**Exercise**: All pictures are to be dropped, and the remaining data set down exactly.

**Source data**:

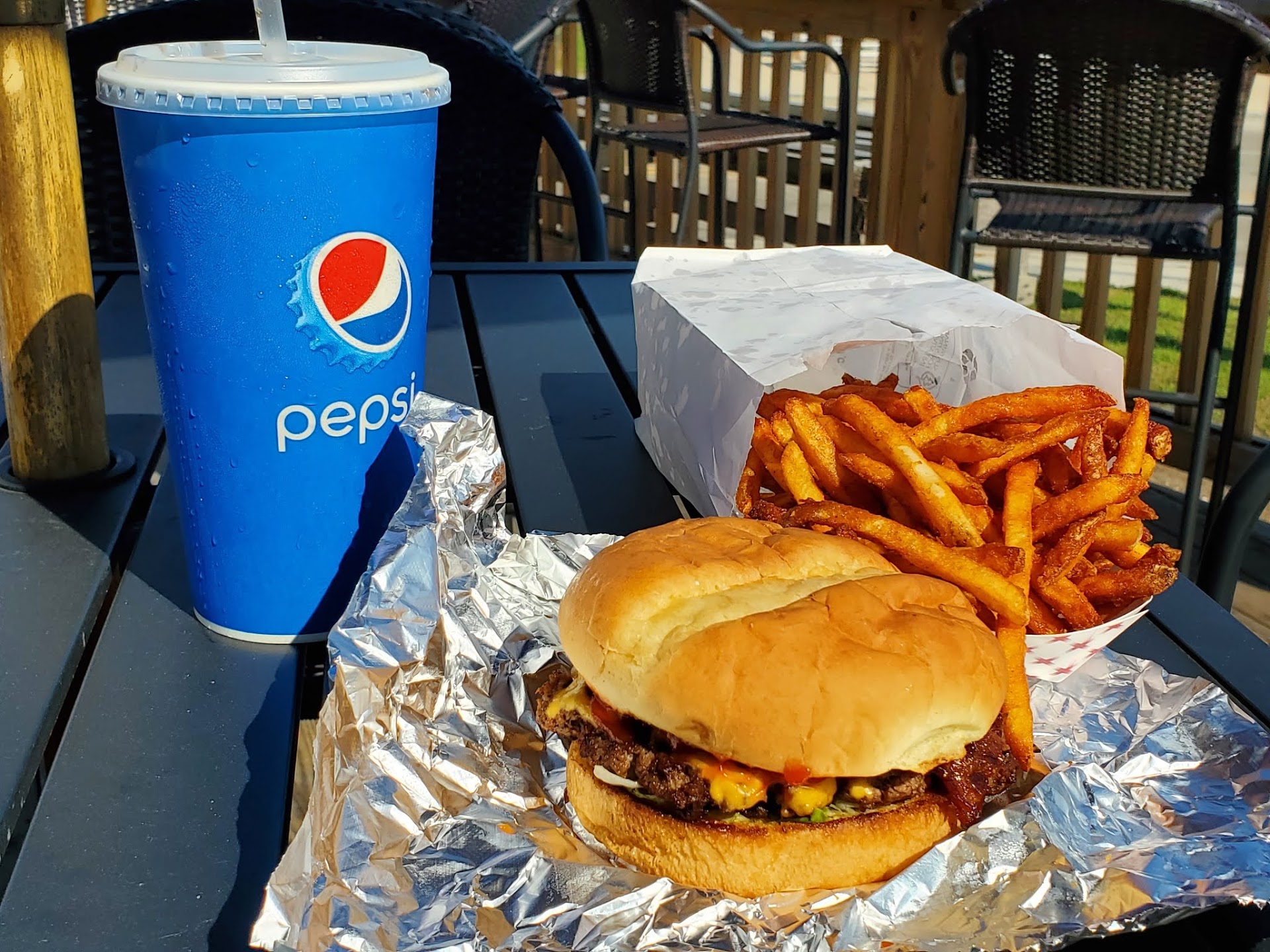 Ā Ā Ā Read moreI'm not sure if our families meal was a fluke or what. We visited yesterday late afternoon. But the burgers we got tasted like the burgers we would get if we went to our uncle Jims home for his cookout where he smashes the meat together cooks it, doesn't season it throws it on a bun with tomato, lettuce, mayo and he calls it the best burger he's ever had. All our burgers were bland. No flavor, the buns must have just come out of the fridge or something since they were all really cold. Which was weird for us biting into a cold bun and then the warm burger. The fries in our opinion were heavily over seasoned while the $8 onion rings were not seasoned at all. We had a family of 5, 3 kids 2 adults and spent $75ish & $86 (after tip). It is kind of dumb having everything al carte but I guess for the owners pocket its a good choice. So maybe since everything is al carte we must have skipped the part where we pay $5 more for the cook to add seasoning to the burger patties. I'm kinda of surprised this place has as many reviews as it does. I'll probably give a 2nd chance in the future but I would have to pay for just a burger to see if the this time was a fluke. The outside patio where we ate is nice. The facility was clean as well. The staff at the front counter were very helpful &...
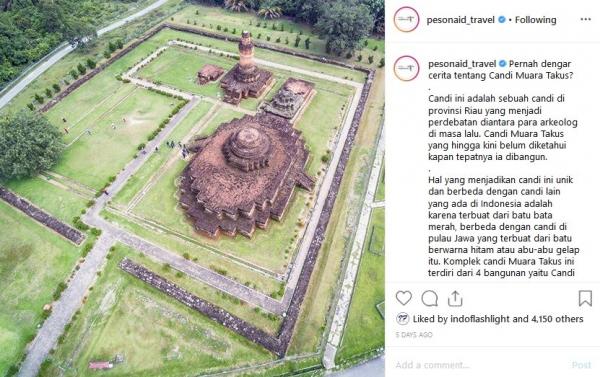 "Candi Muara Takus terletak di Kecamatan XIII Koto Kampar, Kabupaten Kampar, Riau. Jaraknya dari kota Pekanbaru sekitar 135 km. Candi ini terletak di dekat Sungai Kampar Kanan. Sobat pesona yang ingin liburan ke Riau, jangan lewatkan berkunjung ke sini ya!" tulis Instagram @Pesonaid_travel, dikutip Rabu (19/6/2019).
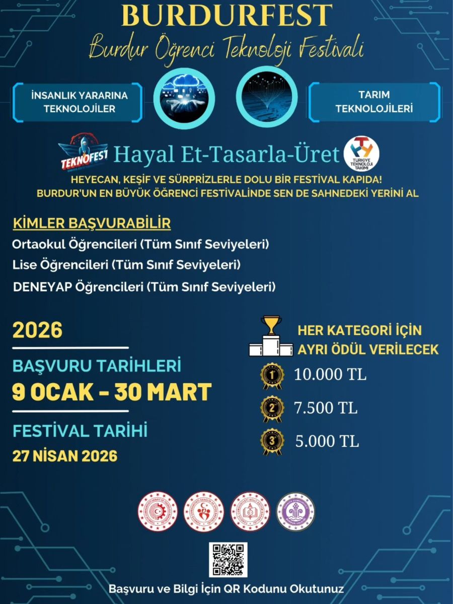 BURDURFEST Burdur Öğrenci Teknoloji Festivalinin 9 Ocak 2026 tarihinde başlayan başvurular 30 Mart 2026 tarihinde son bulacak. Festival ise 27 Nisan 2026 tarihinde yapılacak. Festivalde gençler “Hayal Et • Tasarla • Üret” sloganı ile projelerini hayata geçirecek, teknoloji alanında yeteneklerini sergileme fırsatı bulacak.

**Solution for this task**:
 Ā Ā Ā Read moreI'm not sure if our families meal was a fluke or what. We visited yesterday late afternoon. But the burgers we got tasted like the burgers we would get if we went to our uncle Jims home for his cookout where he smashes the meat together cooks it, doesn't season it throws it on a bun with tomato, lettuce, mayo and he calls it the best burger he's ever had. All our burgers were bland. No flavor, the buns must have just come out of the fridge or something since they were all really cold. Which was weird for us biting into a cold bun and then the warm burger. The fries in our opinion were heavily over seasoned while the $8 onion rings were not seasoned at all. We had a family of 5, 3 kids 2 adults and spent $75ish & $86 (after tip). It is kind of dumb having everything al carte but I guess for the owners pocket its a good choice. So maybe since everything is al carte we must have skipped the part where we pay $5 more for the cook to add seasoning to the burger patties. I'm kinda of surprised this place has as many reviews as it does. I'll probably give a 2nd chance in the future but I would have to pay for just a burger to see if the this time was a fluke. The outside patio where we ate is nice. The facility was clean as well. The staff at the front counter were very helpful &...
 "Candi Muara Takus terletak di Kecamatan XIII Koto Kampar, Kabupaten Kampar, Riau. Jaraknya dari kota Pekanbaru sekitar 135 km. Candi ini terletak di dekat Sungai Kampar Kanan. Sobat pesona yang ingin liburan ke Riau, jangan lewatkan berkunjung ke sini ya!" tulis Instagram @Pesonaid_travel, dikutip Rabu (19/6/2019).
 BURDURFEST Burdur Öğrenci Teknoloji Festivalinin 9 Ocak 2026 tarihinde başlayan başvurular 30 Mart 2026 tarihinde son bulacak. Festival ise 27 Nisan 2026 tarihinde yapılacak. Festivalde gençler “Hayal Et • Tasarla • Üret” sloganı ile projelerini hayata geçirecek, teknoloji alanında yeteneklerini sergileme fırsatı bulacak.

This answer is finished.